Hi all,


Months ago, when the C-word was something still something far away in a
distant land, we had a small discussion in our radio-club.
The idea was this: "fundamentals Fridays"(*), a chance to ask questions
on aspects of amateur-radio that we all know that are true, but nobody
seams to be able to explain why exactly they are the way they are.



One of the questions that popped up is this: (although I am not sure of
this is a question about physics or about antennas)


It is "common knowledge" that when using an antenna with an
antenna-tuner, the efficiency of an antenna goes down: the smaller the
size of the antenna compared the wavelength, the less power is emitted
and the more power is "lost in the tuner".

But, why is that?
Where does this "lost" energy go to?




In essence, the goal of an antenna-tuner is to do impedance-matching:
match the impedance of an antenna at a certain frequency to the (50 ohm)
output impedance of the transmitter and the transmission-line. For that,
it uses inductors or capacitors. (although I know that these components
do also have a resistive part, but I think we can ignore this here)

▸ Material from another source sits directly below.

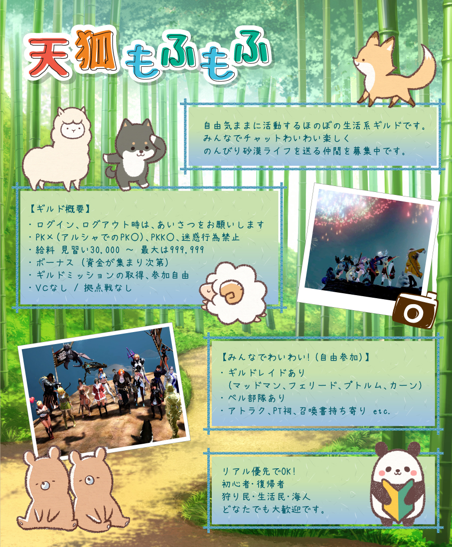ゲーム内【Gキー】→【ギルドメンバー募集】→【生活】→【天狐もふもふ】で検索 →【加入申請】をお願いします。
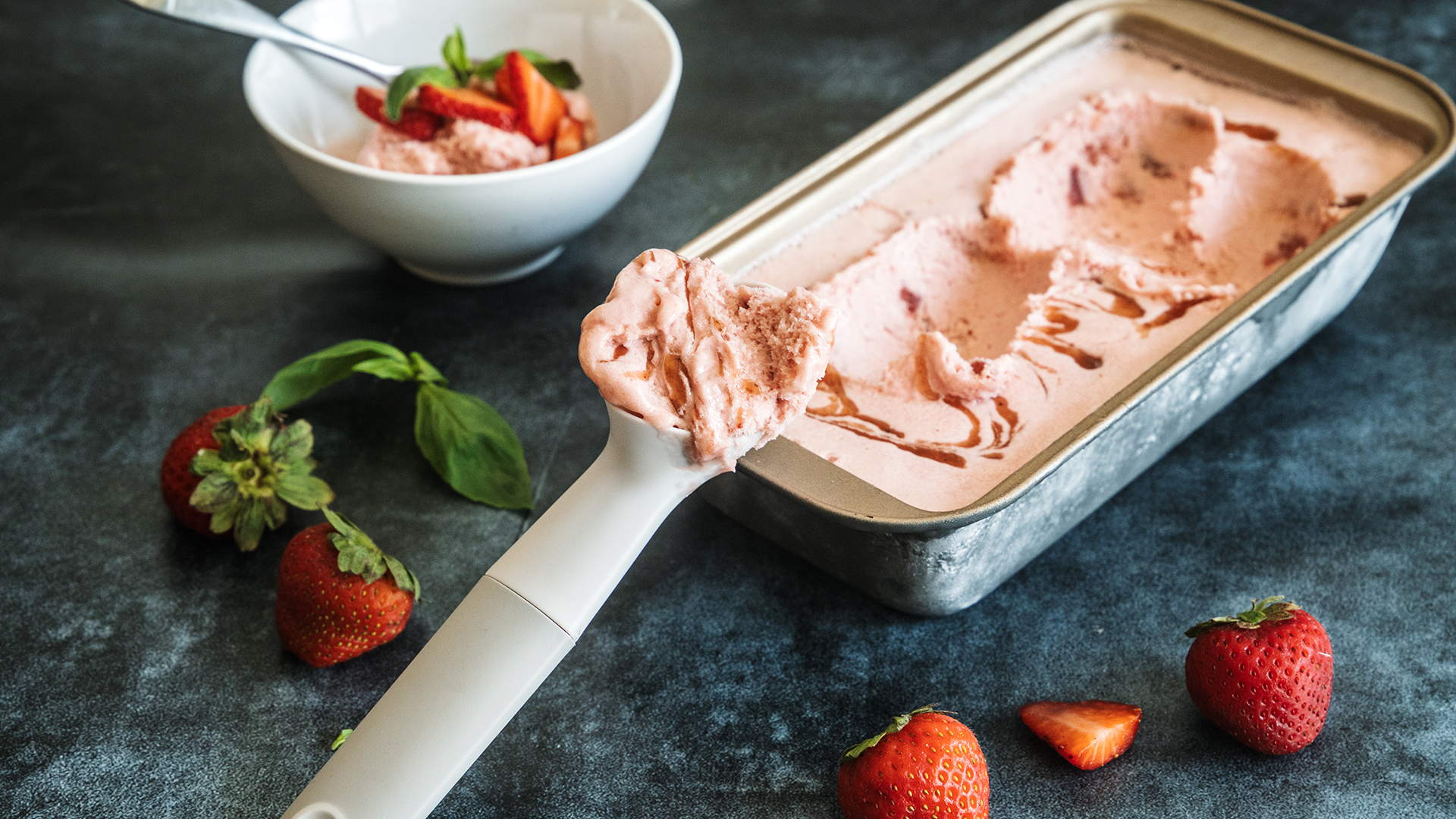 Sirva o gelado com morango fatiado e decore com folhas de manjericão.

Now, I understand that a capacitor can "store" energy in the electrical
field between the two plates, and an inductor uses electrical fields to
create a current to counter changes in current, ... but why does this
create a "lost" of energy?

In what form is that energy then "lost"? Is it converted to heat? Is it
"emitted"?


I've been reading about the "Radiation resistance" of an antenna (**)
and, although I am not a physicist, I kind-of understand the notion of
the transfer of energy from the momentum of an electron to a photon.

But physical process is at work inside an antenna-tuner?
And to what kind of energy is the "lost power" converted? Heat?

Does an antenna-tuner actually heat up?
(again, ignoring the "resistive" loss of the components of the tuner)




(*) Fundamental Fridays: (c) EEVblog

(**) https://en.wikipedia.org/wiki/Radiation_resistance


73
kristoff - ON1ARF